= Material shown =
-- Opening Marker --

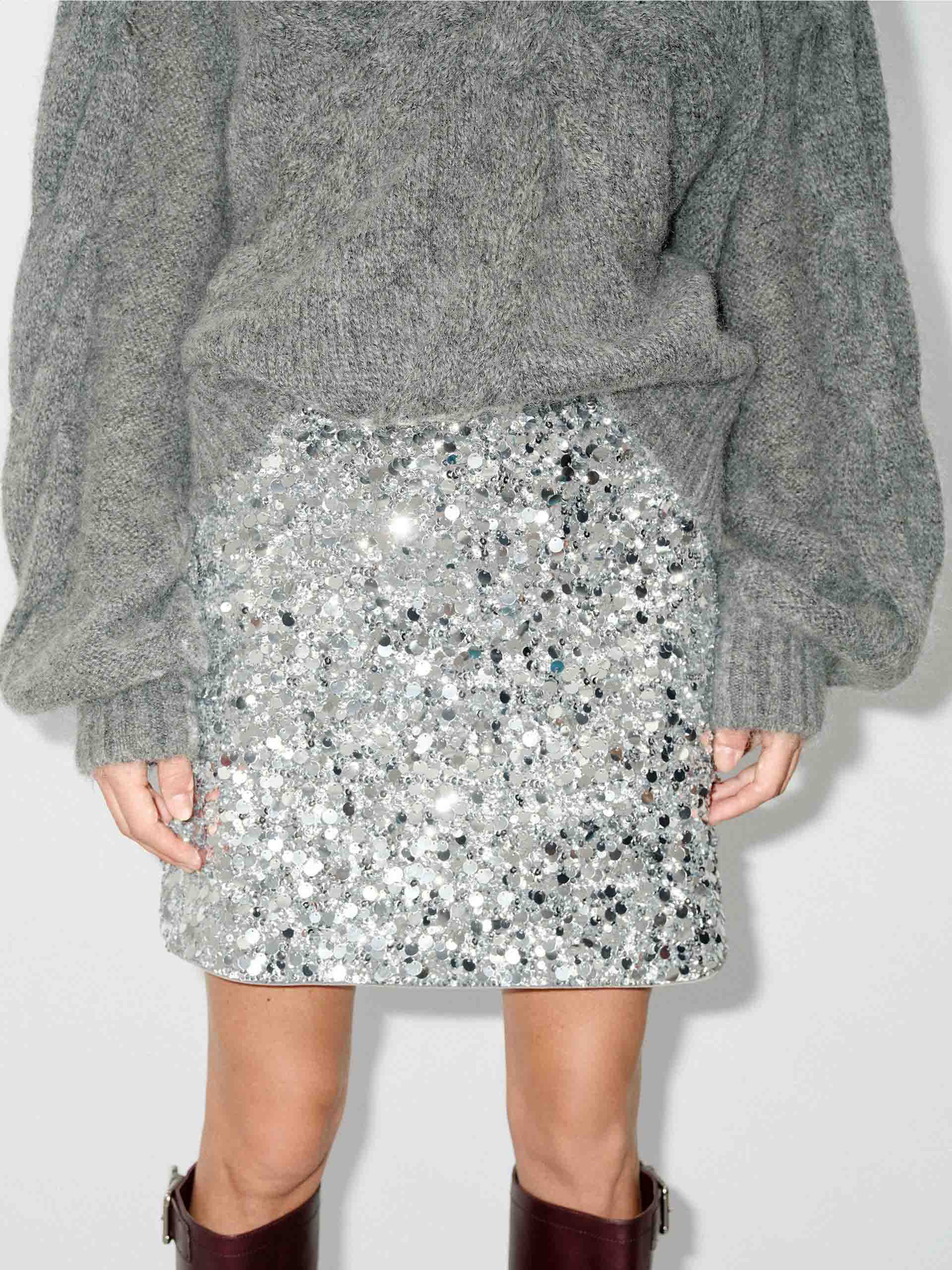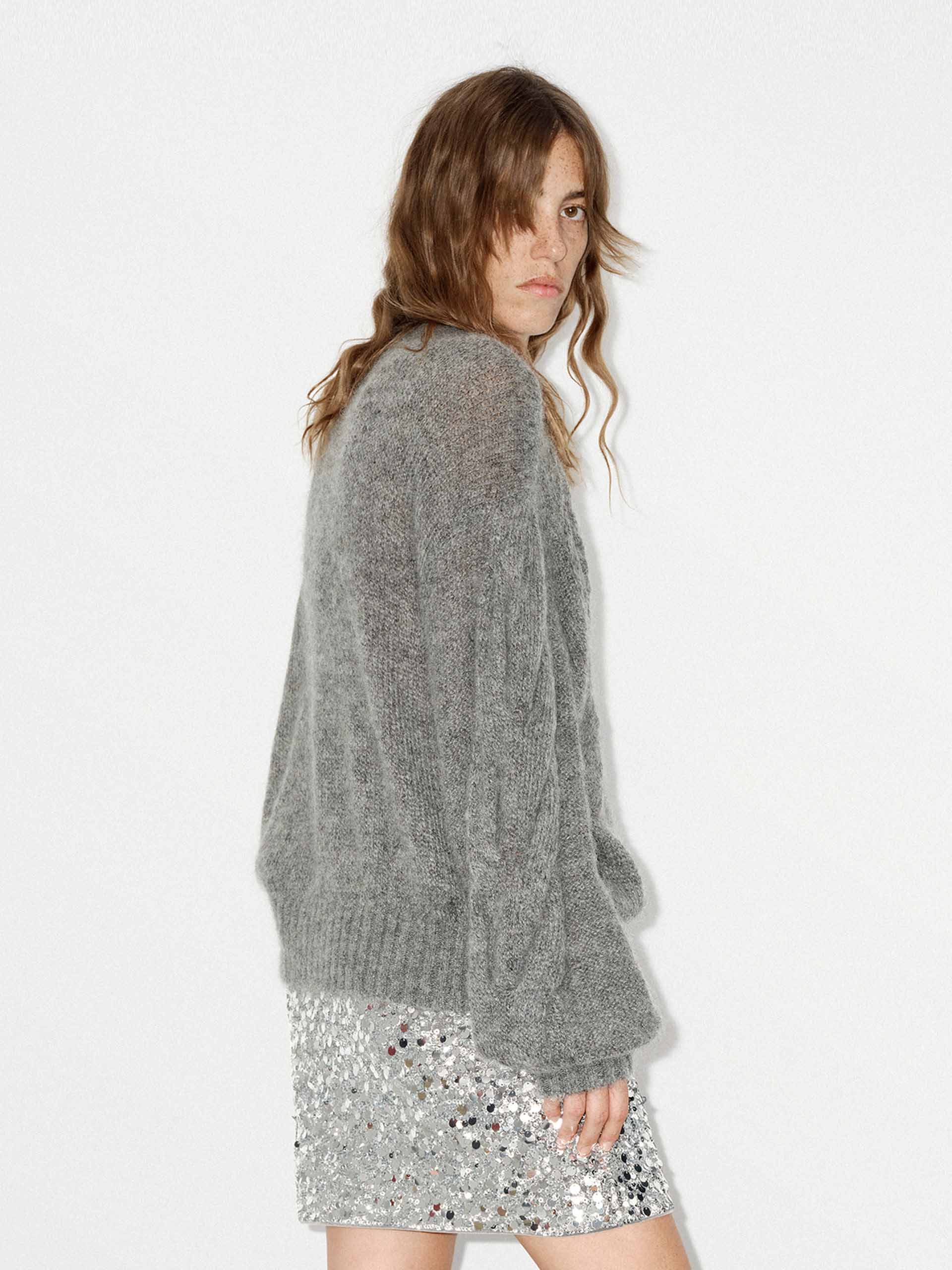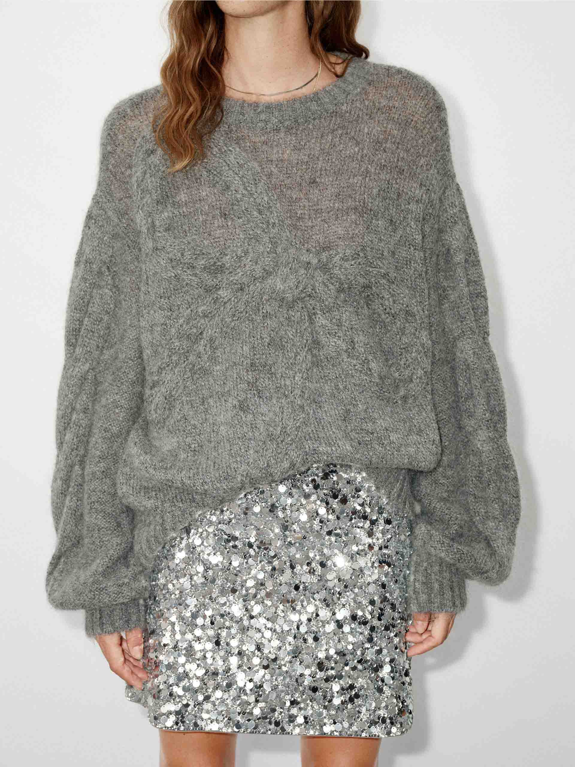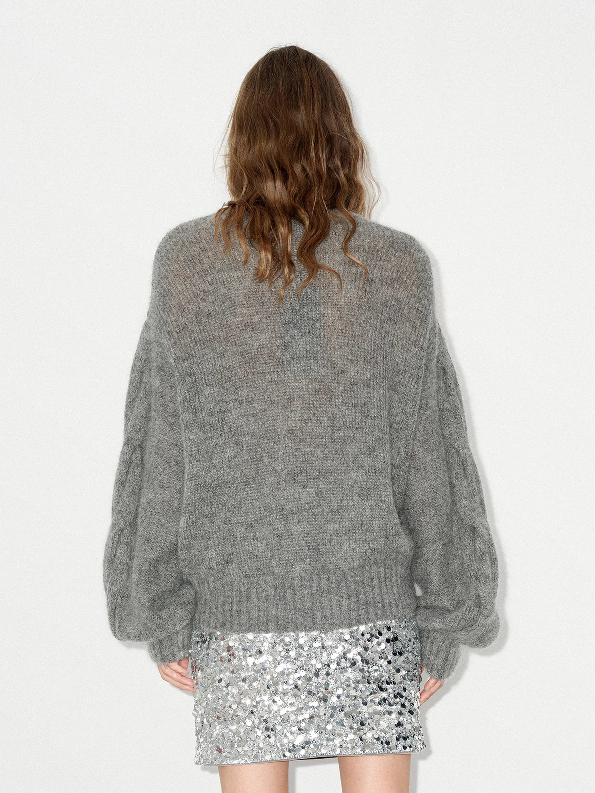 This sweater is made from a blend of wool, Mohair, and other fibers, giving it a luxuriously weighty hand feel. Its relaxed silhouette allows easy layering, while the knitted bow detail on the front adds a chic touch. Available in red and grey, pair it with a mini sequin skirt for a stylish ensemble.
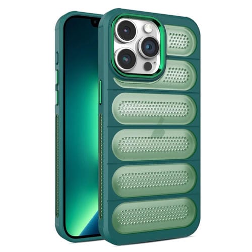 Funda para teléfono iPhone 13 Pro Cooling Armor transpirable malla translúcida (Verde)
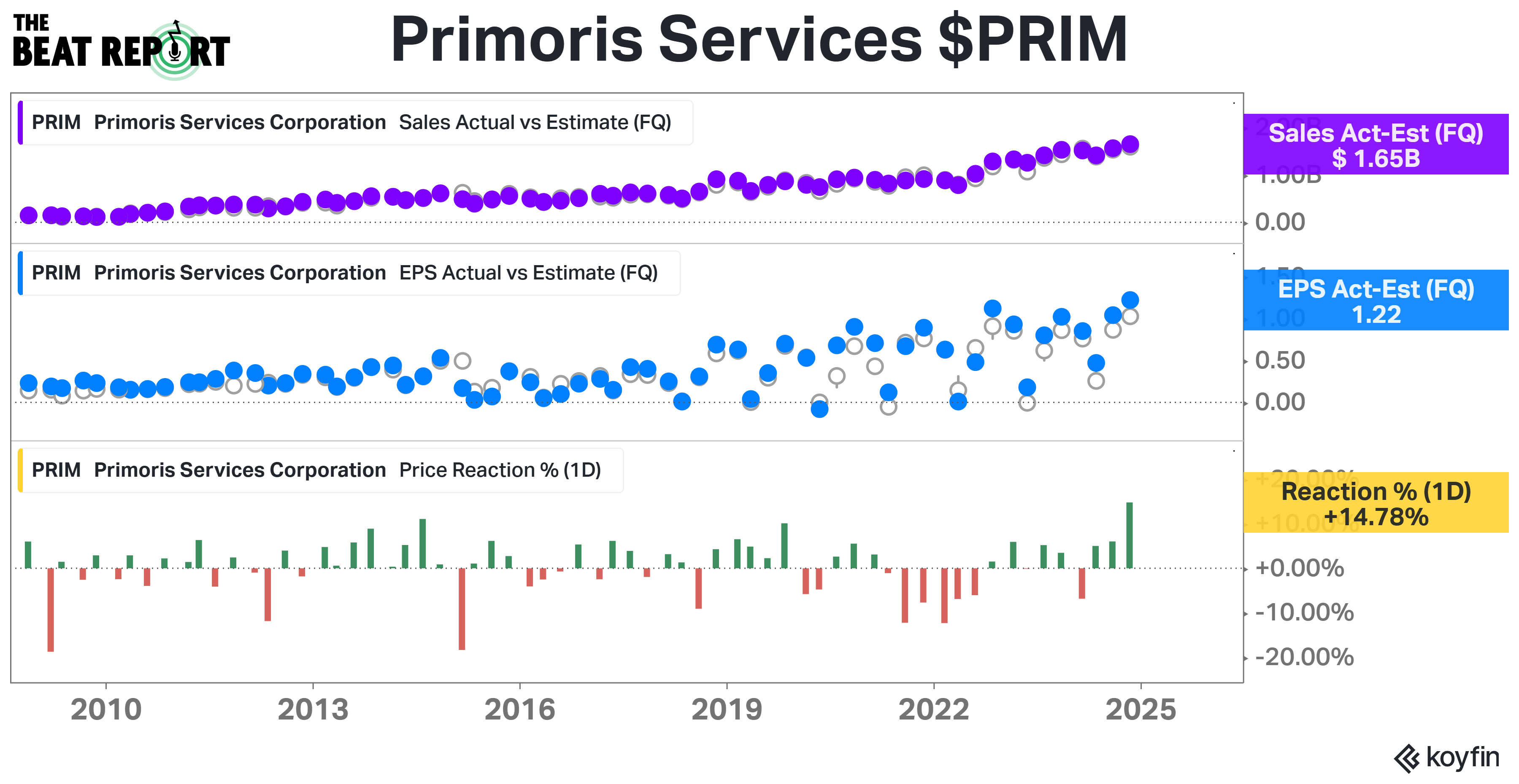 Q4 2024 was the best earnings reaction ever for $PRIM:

-- Closing Marker --
-- Opening Marker --

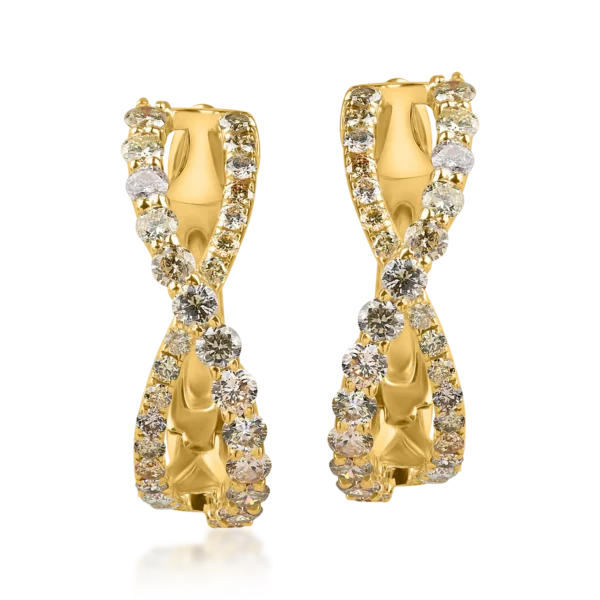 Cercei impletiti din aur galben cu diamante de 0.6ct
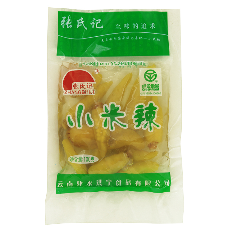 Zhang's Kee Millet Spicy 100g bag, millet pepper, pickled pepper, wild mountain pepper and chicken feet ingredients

-- Closing Marker --

= Goal of the exercise =
Look above for the line with "This sweater is" and copy exactly from it through the line with "Q4 2024 was", both included. Omit the pictures.

= Output =
 This sweater is made from a blend of wool, Mohair, and other fibers, giving it a luxuriously weighty hand feel. Its relaxed silhouette allows easy layering, while the knitted bow detail on the front adds a chic touch. Available in red and grey, pair it with a mini sequin skirt for a stylish ensemble.
 Funda para teléfono iPhone 13 Pro Cooling Armor transpirable malla translúcida (Verde)
 Q4 2024 was the best earnings reaction ever for $PRIM:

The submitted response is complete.